我收到多个错误,告诉我 HTTP 请求失败。最终我想将此文件中的结果放入一个数组中,例如

描述 = CNN.com 提供最新的突发新闻等。

关键字 = CNN、CNN 新闻、CNN.com、CNN 电视等。

但是这个初始阶段是行不通的。请问有什么帮助吗?

编辑 附加信息:

错误:

警告:simplexml_load_file(http://query.yahooapis.com/v1/public/yql?q=select%20*%20from%20html%20where%20xpath%3D%22//meta%22%20and%20url%3D% 22http://www.cnn.com%22&format=xml&diagnostics=false) [function.simplexml-load-file]:打开流失败:HTTP请求失败!
# 警告:simplexml_load_file() [function.simplexml-load-file]:I/O 警告:未能加载外部实体“http://query.yahooapis.com/v1/public/yql?q=select%20*% 20from%20html%20where%20xpath%3D%22//meta%22%20and%20url%3D%22http://www.cnn.com%22&format=xml&diagnostics=false"
  • 来自我的 phpinfo():allow_url_fopen On On
  • PHP 版本 5.2.11
  • 认为它是有效的(http://query.yahooapis.com/v1/public/yql?q=select%20 *%20from%20html%20where%20xpath%3D%22//meta%22%20and%20url%3D% 22http://www.cnn.com%22&format=xml&diagnostics=false)
4

2 回答 2

3

(注意:一旦找到真正的答案,可能无用的答案......)


在您解决 XML 问题时(继续努力!)知道您也可以将 YQL 响应返回为 JSON。
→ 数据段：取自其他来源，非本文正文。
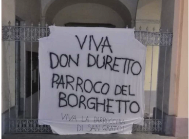 Una petizione inviata al Vescovo per salvare il soldato Don Giuseppe Duretto. L'hanno sottoscritta in tanti al Borghetto ma anche oltre. Numerose associazioni (dai Tuchini ai Croati a I Croass (corvi) del Borghet, passando dalla San Vincenzo) e un mucchio di cittadini e fedeli con le lacrime agli occhi. Il Vescovo avrebbe già risposto. Ha detto a tutti di stare tranquilli, ma la "tranquillità" è davvero un'altra cosa. Deboli e impotenti di fronte alle gerarchie qualcuno ha così pensato bene di affiggere uno striscione davanti al portone. E' rimasto attaccato poche ore. Si leggeva (e non si legge più) "Viva Don Duretto parroco del Borghetto".
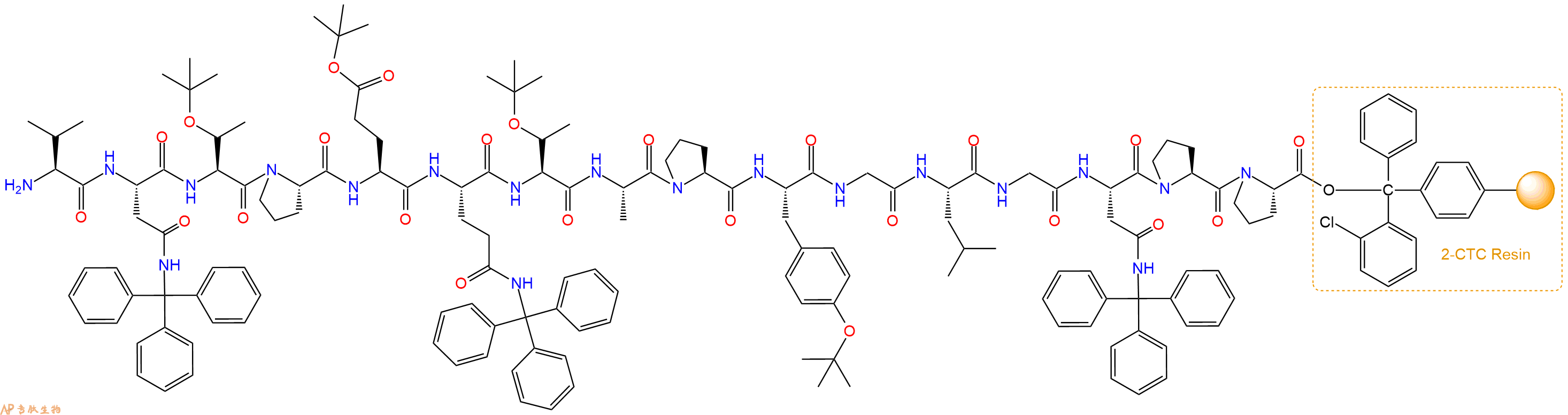 Fmoc-Val-Asn(Trt)-Thr(tBu)-Pro-Glu(OtBu)-Gln(Trt)-Thr(tBu)-Ala-Pro-Tyr(tBu)-Gly-Leu-Gly-Asn(Trt)-Pro-Pro-CTC Resin
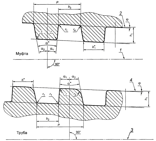 Если расчетное испытательное давление превышает 68,6 МПа (700 кгс/см2), труба испытывается давлением не более 68,6 МПа (700 кгс/см2). По требованию потребителя испытательное давление принимают равным расчетному, но в любом случае давление не должно быть свыше 122,6 МПа (1250 кгс/см2). По согласованию изготовителя с потребителем испытательное давление может ограничиваться значением: 19,7 МПа (200 кгс/см2) - для труб групп прочности Дс, Д, Кс, К; 29,4 МПа (300 кгс/см2) - для труб групп прочности Ес и выше. 4.23 Основные размеры соединений гладких труб с треугольной резьбой и муфт к ним приведены на рисунках 6 - 8 и в таблицах 11 - 14. ____________ * Размеры для справок. 1 - линия, параллельная оси резьбы трубы или муфты; 2 - линия среднего диаметра резьбы трубы или муфты; 3 - ось резьбы трубы или муфты Рисунок 6 - Форма профиля резьбы гладких труб и труб с высаженными наружу концами и муфт к ним ____________ * Размеры для справок. 1 - конец сбега резьбы трубы или муфты; 2 - нитки резьбы со срезанными вершинами; 3 - основная плоскость резьбы трубы или муфты; 4 - линия среднего диаметра резьбы трубы или муфты 1 - измерительная плоскость резьбового калибра-кольца; 2 - резьбовой калибр-кольцо; 3 - труба; 4 - резьбовой калибр-пробка; 5 - муфта; 6 - измерительная плоскость резьбового калибра-пробки Рисунок 8 - Схема определения натяга резьбы гладких труб и труб с высаженными наружу концами и муфт к ним Таблица 11 - Размеры резьбы гладких труб и труб с высаженными наружу концами и муфт к ним В миллиметрах
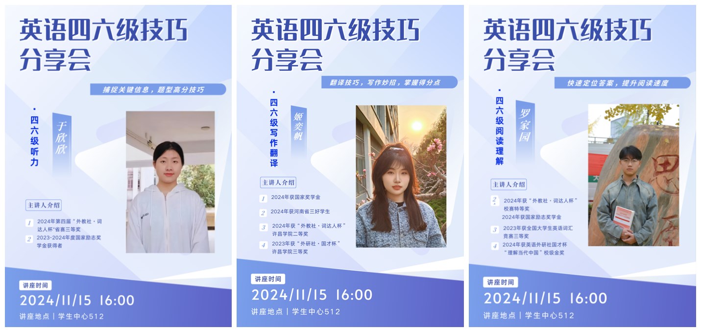 11月4日晚上,以“突破读写听,备战四六级”为主题的知识讲座在学生中心举行,学霸者联盟考证指导组三名四六级考试成绩优异的学生代表针对题型重点难点分享了学习方法与做题技巧。随后组织了四六级模拟赛事,多方面检验参与学生的英语应用能力。线上学习打卡活动包含单词打卡、长难句阅读打卡、听写译打卡三类,共计参与人数六百余人,旨在以线上打卡的形式相互鼓励、相互监督,强化自律,共同进步。

这是一个快速示例:

$url = "http://query.yahooapis.com/v1/public/yql?q=select+%2A+"
     . "from+html+where+xpath%3D%22%2F%2Fmeta%5B%40name%3D%27"
     . "Keywords%27+or+%40name%3D%27Description%27%5D%22+and+"
     . "url%3D%22http%3A%2F%2Fwww.cnn.com%22&format=json&diagnostics=false";

// Grab YQL response and parse JSON
$json   = file_get_contents($url);
$result = json_decode($json, TRUE);

// Loop over meta results looking for what we want
$items = $result['query']['results']['meta'];
$metas = array();
foreach ($items as $item) {
    $metas[$item['name']] = $item['content'];
}
print_r($metas);

给出一个数组,如(屏幕截断的文本):

Array
(
    [Description] => CNN.com delivers the latest breaking news and …
    [Keywords] => CNN, CNN news, CNN.com, CNN TV, news, news online …
)

请注意,YQL 查询(在控制台中尝试)与您的略有不同,以使 PHP 更简单。

于 2010-03-09T22:43:24.017 回答
0

好吧,XML 是 GETable。至于有效,它缺少<?xml version="1.0"?>,但我认为它不是必需的。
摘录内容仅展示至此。